(Stored entries)
┏━━

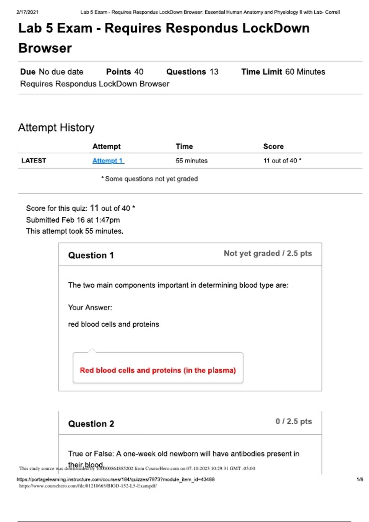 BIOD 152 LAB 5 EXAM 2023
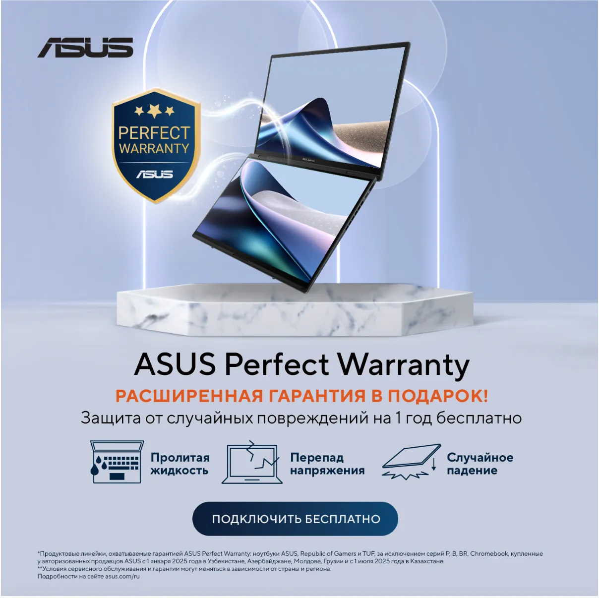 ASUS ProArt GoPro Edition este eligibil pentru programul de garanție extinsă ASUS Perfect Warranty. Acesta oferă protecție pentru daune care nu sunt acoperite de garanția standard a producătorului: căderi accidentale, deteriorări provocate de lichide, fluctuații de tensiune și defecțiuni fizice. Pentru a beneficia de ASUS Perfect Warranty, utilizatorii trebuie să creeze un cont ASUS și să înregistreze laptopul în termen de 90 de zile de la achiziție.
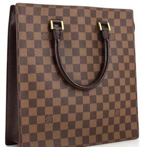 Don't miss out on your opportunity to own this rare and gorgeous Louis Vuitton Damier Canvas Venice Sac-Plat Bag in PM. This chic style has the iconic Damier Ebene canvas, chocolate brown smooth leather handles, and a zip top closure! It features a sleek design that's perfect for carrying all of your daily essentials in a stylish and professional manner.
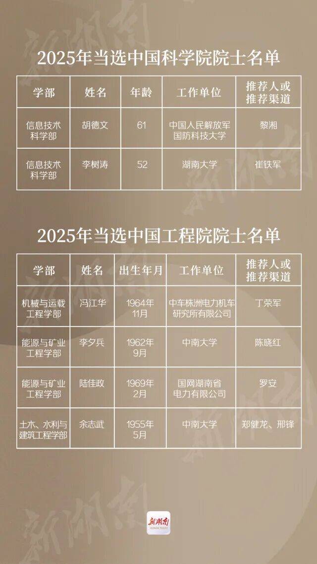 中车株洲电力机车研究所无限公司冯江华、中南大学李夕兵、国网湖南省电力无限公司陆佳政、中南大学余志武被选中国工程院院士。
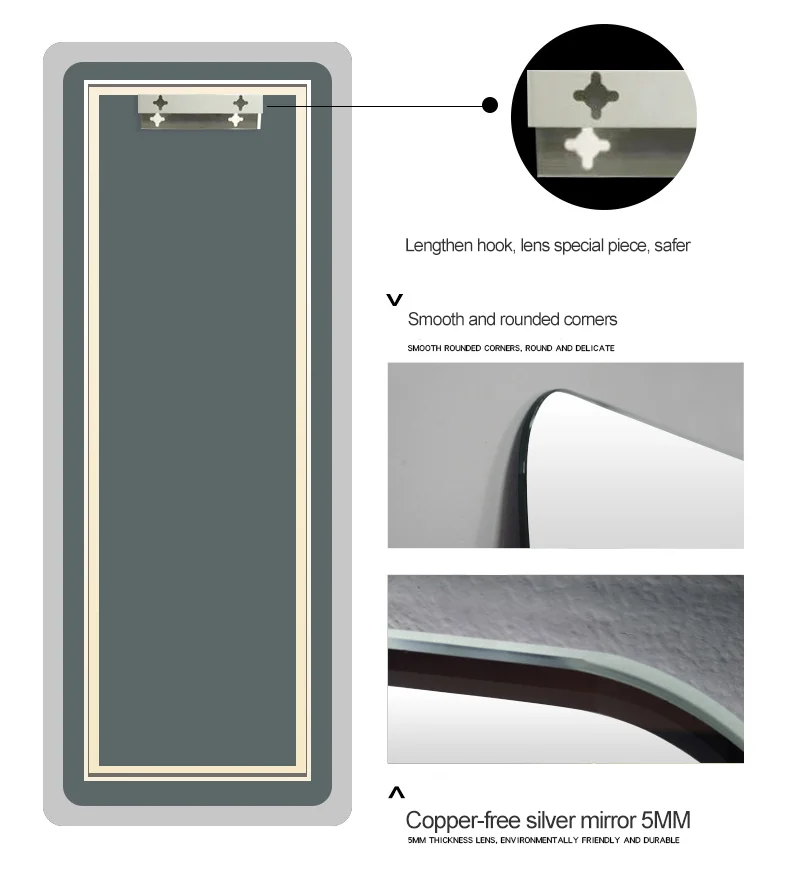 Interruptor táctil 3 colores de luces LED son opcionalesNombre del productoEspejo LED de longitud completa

┗━━

[What you will do]
Exactly as written, set down the lines from the line holding "Don't miss out" to the last line of the data, both ends included, pictures excluded.

[Written solution]
 Don't miss out on your opportunity to own this rare and gorgeous Louis Vuitton Damier Canvas Venice Sac-Plat Bag in PM. This chic style has the iconic Damier Ebene canvas, chocolate brown smooth leather handles, and a zip top closure! It features a sleek design that's perfect for carrying all of your daily essentials in a stylish and professional manner.
 中车株洲电力机车研究所无限公司冯江华、中南大学李夕兵、国网湖南省电力无限公司陆佳政、中南大学余志武被选中国工程院院士。
 Interruptor táctil 3 colores de luces LED son opcionalesNombre del productoEspejo LED de longitud completa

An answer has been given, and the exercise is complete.